# Container für [key,value] elemente ?



## Guest (22. Nov 2008)

Hallo, 

gibt ein java Konstrukt, mit dem ich folgendes, eindeutige Datenstruktur [key, value] ablegen kann. um das ganze mal in "datenbanksprache" zu formulieren. key UND value sind quasi ein primärschlüssel. es soll also folgende ablage möglich sein: 

```
"1"  "Person 1"
"1"  "Person 2"
"1"  "Person 3"
"2"  "Person 1"
"2"  "Person 34"
```

Der Datensatz ["2"  "Person 1"] dürfte also nicht abgelegt werden. Mit einem Set oder einer Map scheint das nicht zu gehen, da hier der key eindeutig sein muss. ich brauche aber etwas, wo key und value eindeutig sind.

jemand ne Idee, ich weiß im moment nicht wie ich das anstellen soll.
Einen Gruß.


----------



## Guest (22. Nov 2008)

um es vielleicht nohcmal anders zu formulieren. Wenn ich mir aus diesem Container einen Datensatz holen möchte, brauche ich den key und den value, also ungefähr so:


```
container.get("1","Person 34");
```


----------



## maki (22. Nov 2008)

Map, zb. HashMap.


```
Map<Integer, String> myMap = new HashMap<Integer, String>();
	
	myMap.put(1, "Hans Meier");

	assert(myMap.get(1).equals("Hans Meier"));
```

Container heisst es in C++, unbedingt lesen:
http://java.sun.com/docs/books/tutorial/collections/index.html


----------



## Guest (22. Nov 2008)

Hm..
also ehrlich gesagt, ganz verstanden habe ich das nicht  :? 

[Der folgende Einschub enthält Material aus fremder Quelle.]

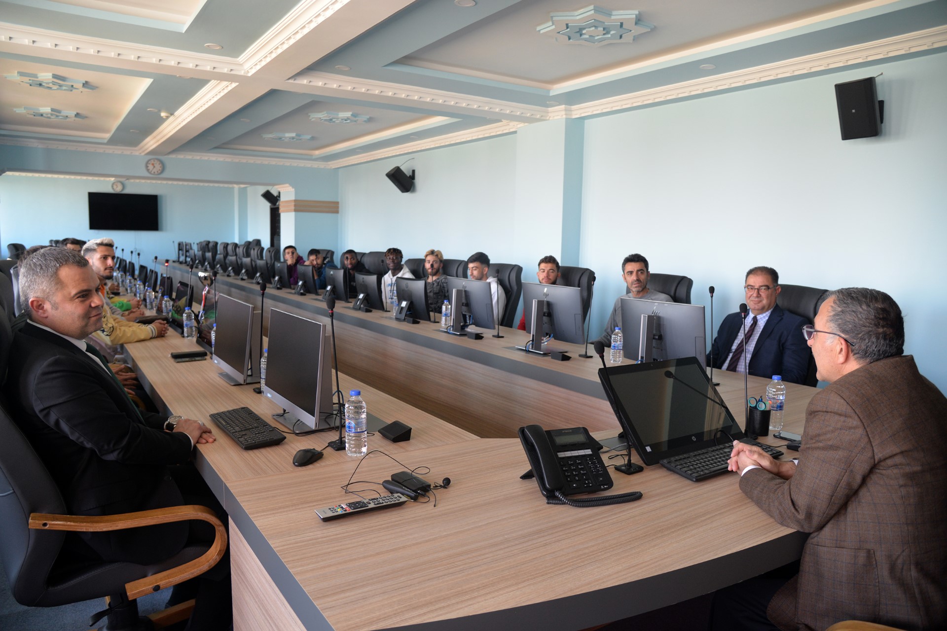 2023-2024 yılı Türkiye Üniversite Sporları Federasyonu (TÜSF) tarafından organize edilen ve Necmettin Erbakan Üniversitesinin ev sahipliğinde gerçekleştirilen müsabakalarda KMÜ Futbol Takımı tüm maçlarını kazanarak birinciliği elde ettiÜniversitelerarası Bölgesel Lig Futbol Müsabakasına Karamanoğlu Mehmetbey Üniversitesi’nin yanı sıra Necmettin Erbakan Üniversitesi, Kayseri Üniversitesi, Konya Gıda Tarım Üniversitesi, Kırıkkale Üniversitesi ve Niğde Ömer Halisdemir Üniversitesi’nden yaklaşık 150 sporcu katıldı.Müsabakaların tamamlanmasının ardından Karaman’a dönen futbol takımı oyuncuları Spor Bilimleri Fakültesi Dekanı Prof. Dr. Sefa Lök eşliğinde Rektör Prof. Dr. Mehmet Gavgalı’yı makamında ziyaret etti.Burada Spor Bilimleri Fakültesinin çalışmalarını anlatan Dekan Prof. Dr. Sefa Lök, “Gerek bireysel sporlarda gerekse de takım sporlarında öğrencilerimizin elde ettiği başarıların haklı gururunu yaşıyoruz. Başta olimpiyatlar olmak üzere uluslararası ve ulusal müsabakalarda ülkemizi, şehrimizi ve üniversitemizi başarıyla temsil eden öğrencilerimizle iftihar ediyoruz. Üniversitelerarası Bölgesel Lig Futbol Müsabakasındaki namağlup şampiyonluğumuz hayırlı olsun.” dedi.Konya’daki organizasyonda oynadığı tüm maçları kazanarak Karaman’a birincilik kupasıyla dönen futbol takımının teknik heyetini ve tüm oyuncularını tek tek kutlayan KMÜ Rektörü Prof. Dr. Mehmet Gavgalı ise üniversitenin her alanda olduğu gibi sporda da elde ettiği başarıların mutluluğunu yaşadıklarını belirtti. Gavgalı “Bugüne kadar bünyesinden olimpiyat, dünya ve Avrupa şampiyonları çıkaran Spor Bilimleri Fakültemizde görev yapan akademisyenlerimize ve öğrencilerimize kolaylıklar diliyorum. İnanıyorum ki önümüzdeki süreçte yeni madalyalar ve kupalarla bizleri gururlandırmaya devam edeceklerdir.” ifadelerini kullandı.Rektör Yardımcısı Prof. Dr. Nevzat Aydın’ın da yer aldığı ziyarette Rektör Gavgalı, takım oyuncuları ve teknik ekip ile hatıra fotoğrafı çektirdi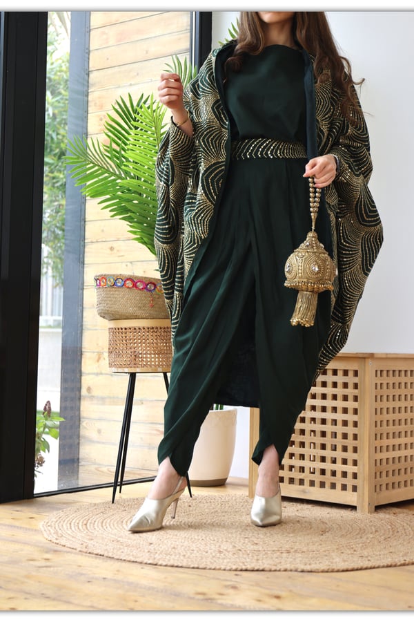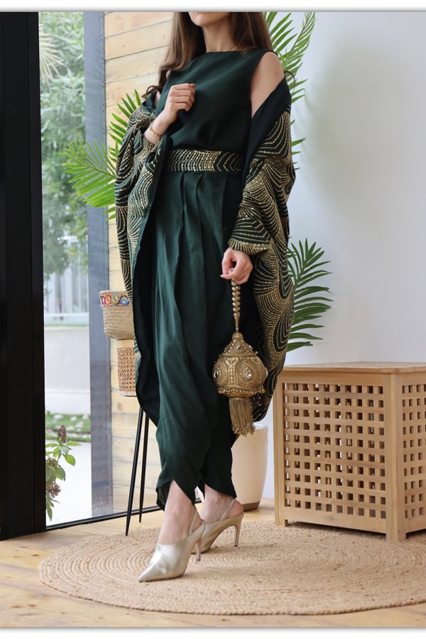 cape , blouse and pant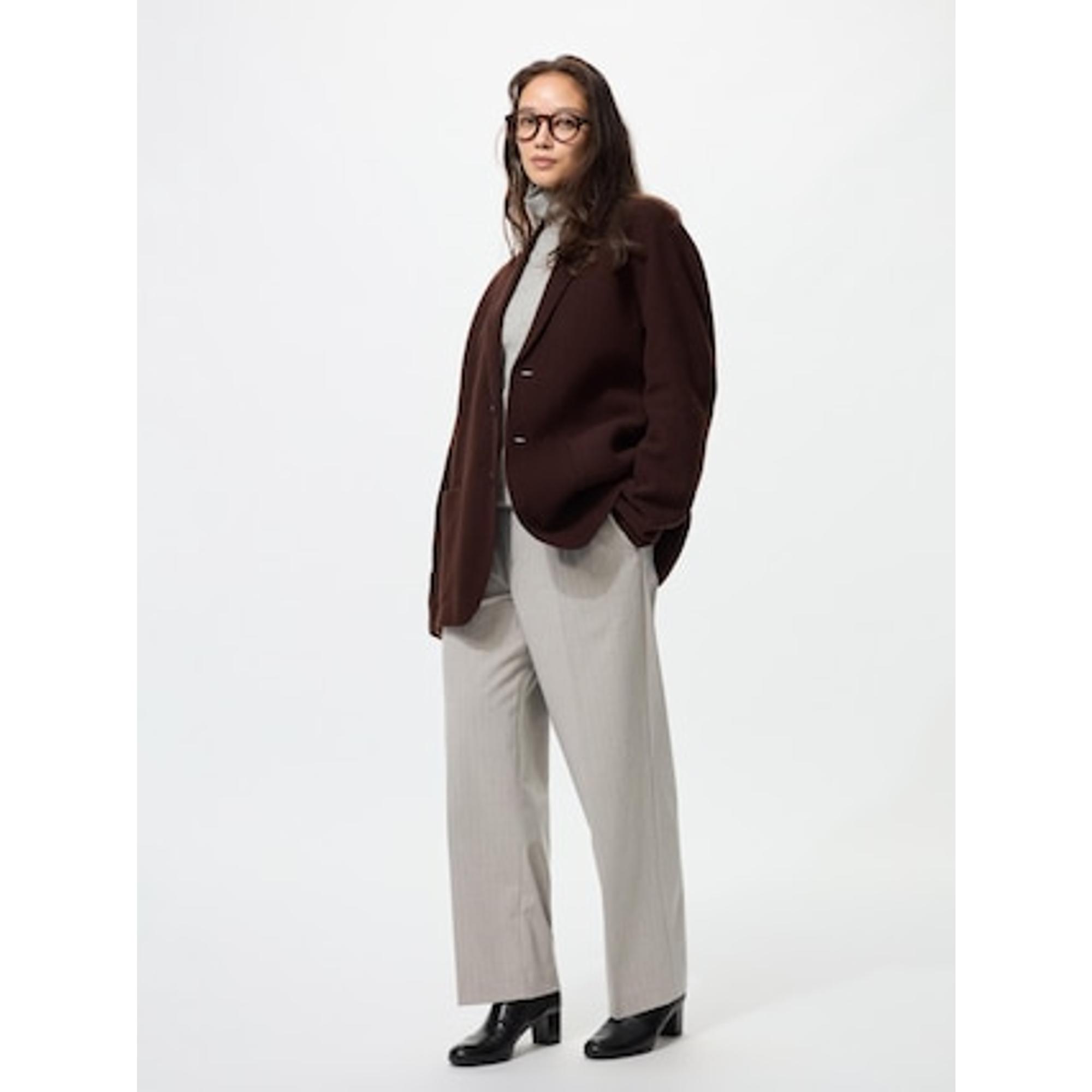 ピンクのニットとネイビーのストライプのタックパンツに、アローズのウールコートで行きました。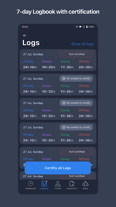 - Gera relatórios de conformidade ELD detalhados e profissionais para autoridades com o toque de um botão.
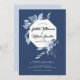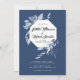 A white geometric shape is edged in gold and surrounded by indigo and light blue flowers. The wedding couple's names and invitation to their wedding is in the centre. The remaining wedding details are below. Indigo blue surrounds the entire design. The text beneath the white hexagon is white. The back of the invitation is coloured light blue to coordinate with the floral design on the front.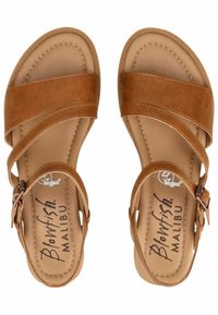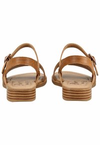 Plochá kožená sandála medové barvy se dvěma předními pásky, zápěstním páskem s přezkou a vrstveným nízkým podpatkem na bílém pozadí.
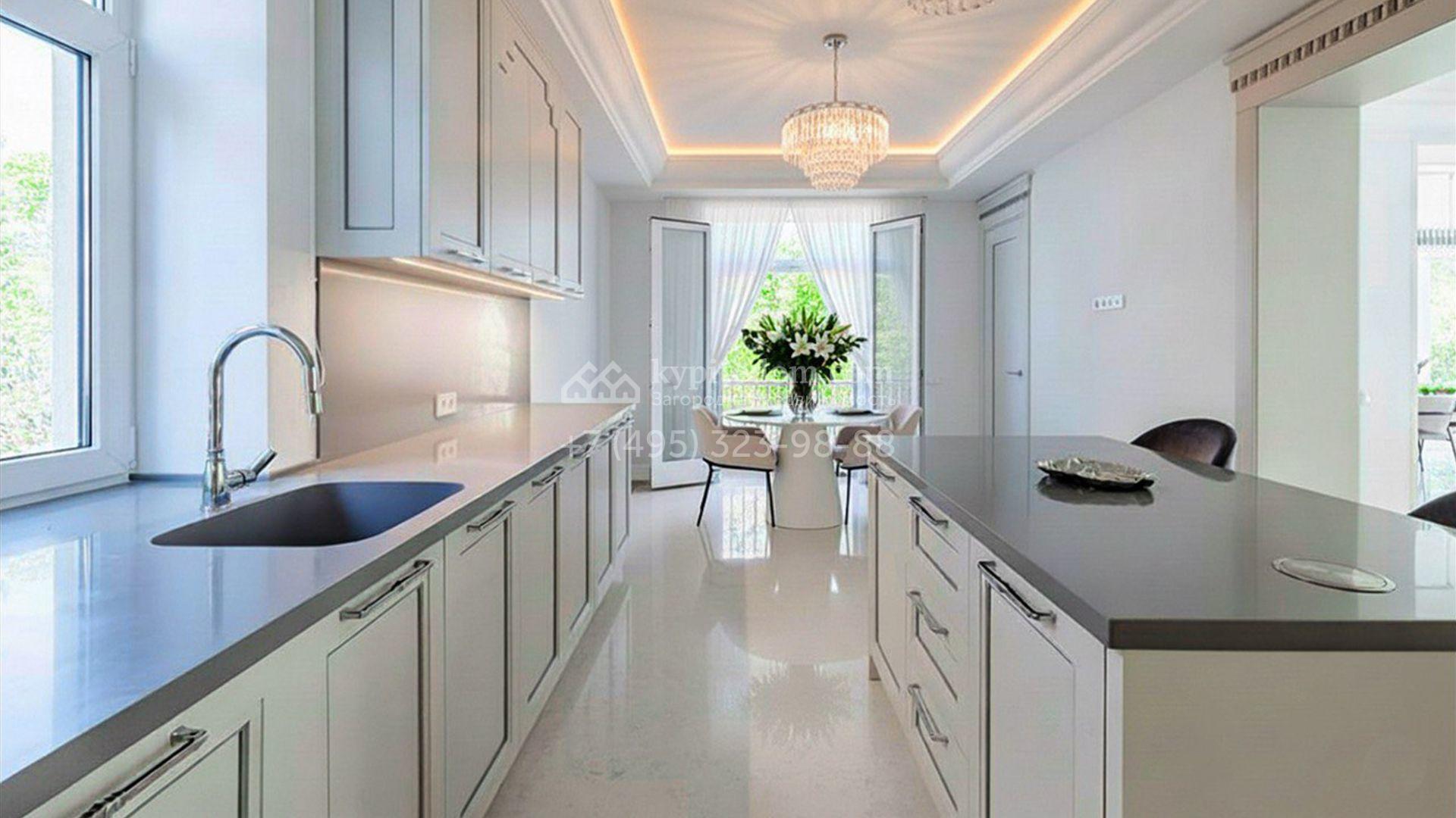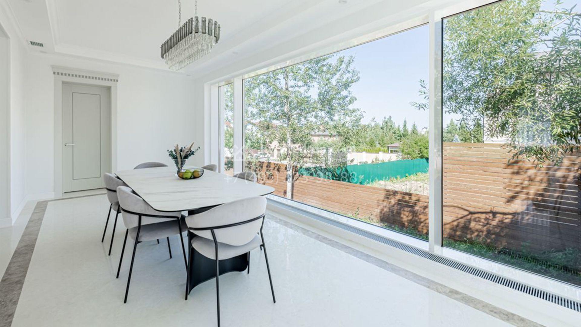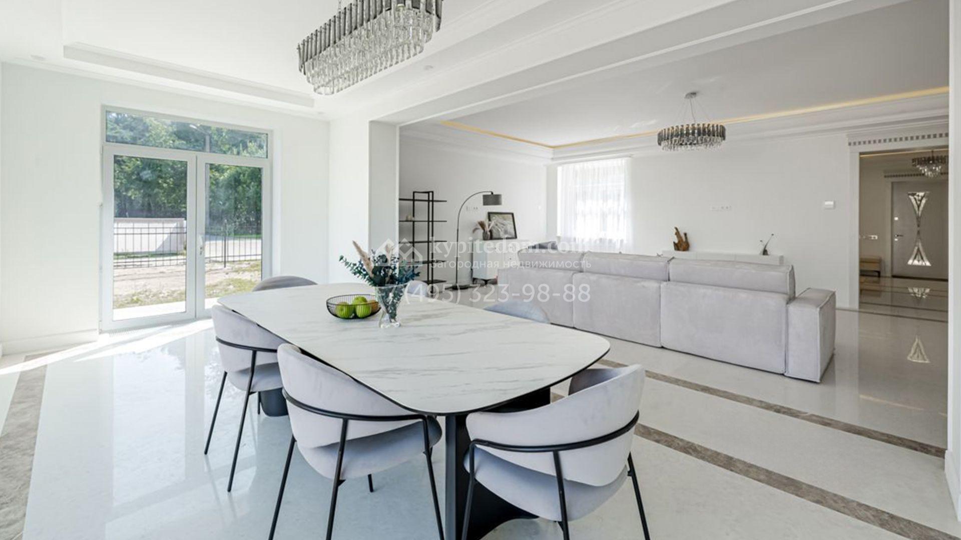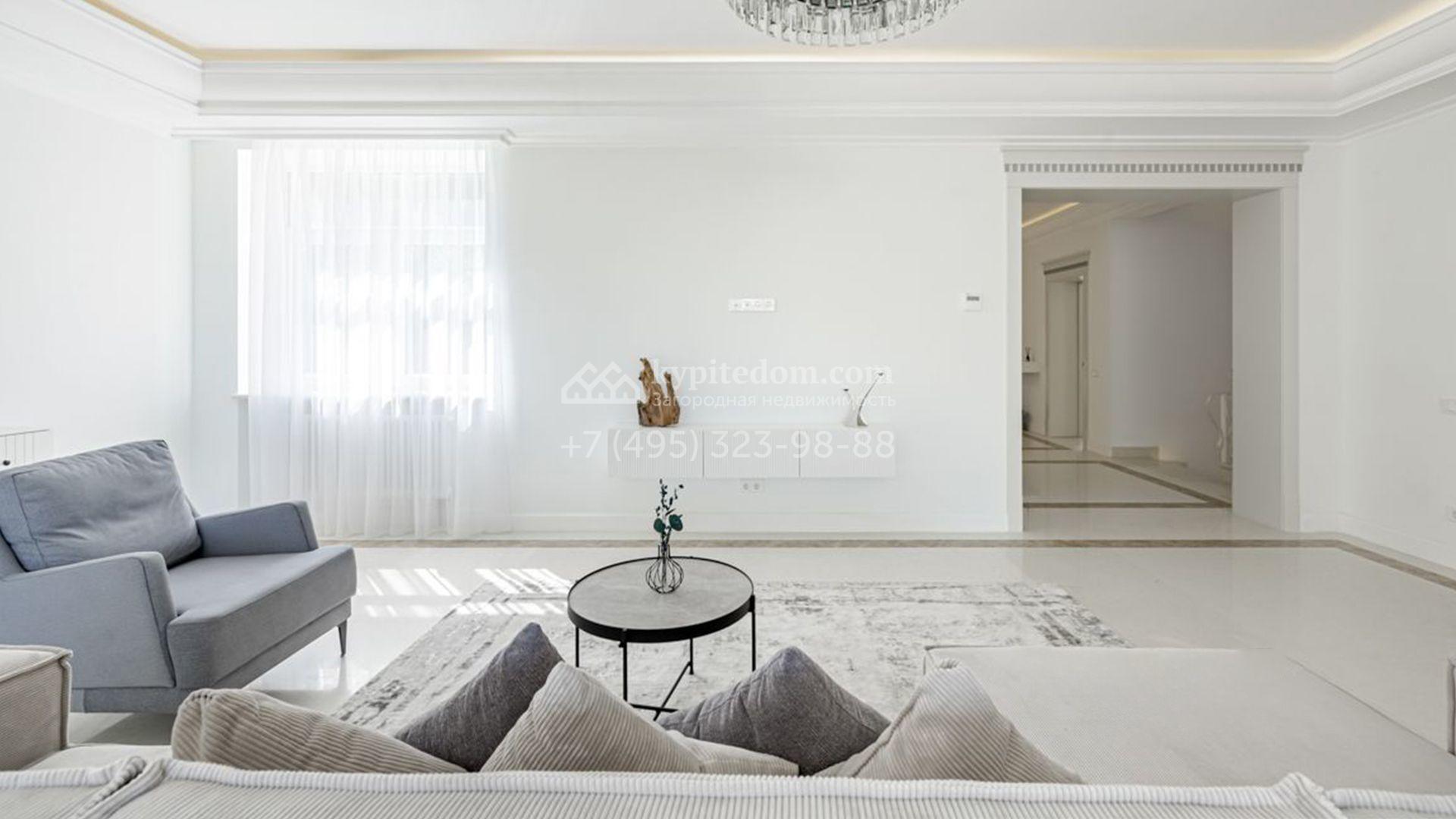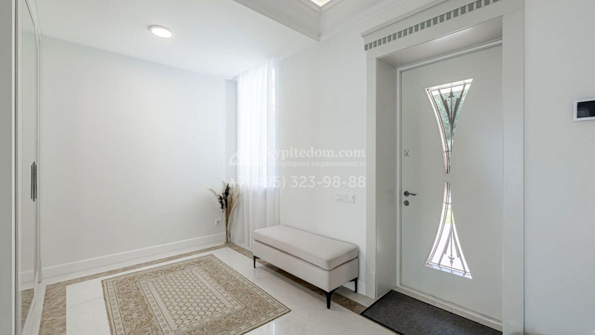 Новый загородный коттедж площадью 400 м² расположен на участке 8 соток с собственным выходом в живописный лес. Фасад с многоскатной крышей, выполненный в европейском стиле, облицован благородным клинкерным кирпичом и белоснежной штукатуркой, а также дополнен элегантными молдингами. Современные интерьеры выдержаны в светлых тонах и отделаны с использованием высококачественных материалов. Дом укомплектован комфортной мебелью, встроенной бытовой техникой и сантехникой. Для идеального микроклимата установлена система приточной вентиляции.

Mein Problem ist, dass hier 1 ausgegeben wird, obowhl 3 ausgegeben werden sollte: 


```
import java.util.HashMap;
import java.util.Map;

public class MapTest {

	public static void main(String[] args) {
		Map<String, String> map = new HashMap<String, String>();
	    
		map.put("1", "Hans Meier");
		map.put("1", "Hans Mueller");
		map.put("1", "Hans Keller");

		System.out.println(map.size());
	}
}
```

wohingegen hier für map.size() 2 ausgegeben werden sollte, so stelle ich mir das vor


```
import java.util.HashMap;
import java.util.Map;

public class MapTest {

	public static void main(String[] args) {
		Map<String, String> map = new HashMap<String, String>();
	    
		map.put("1", "Hans Meier");
		map.put("1", "Hans Meier");
		map.put("1", "Hans Keller");

		System.out.println(map.size());
	}
}
```


----------



## maki (22. Nov 2008)

Auch noch lesen:
http://java.sun.com/j2se/1.5.0/docs/api/java/util/Map.html

Schlüssel sind "unique"


----------



## Guest (22. Nov 2008)

"An object that maps keys to values. A map cannot contain duplicate keys;"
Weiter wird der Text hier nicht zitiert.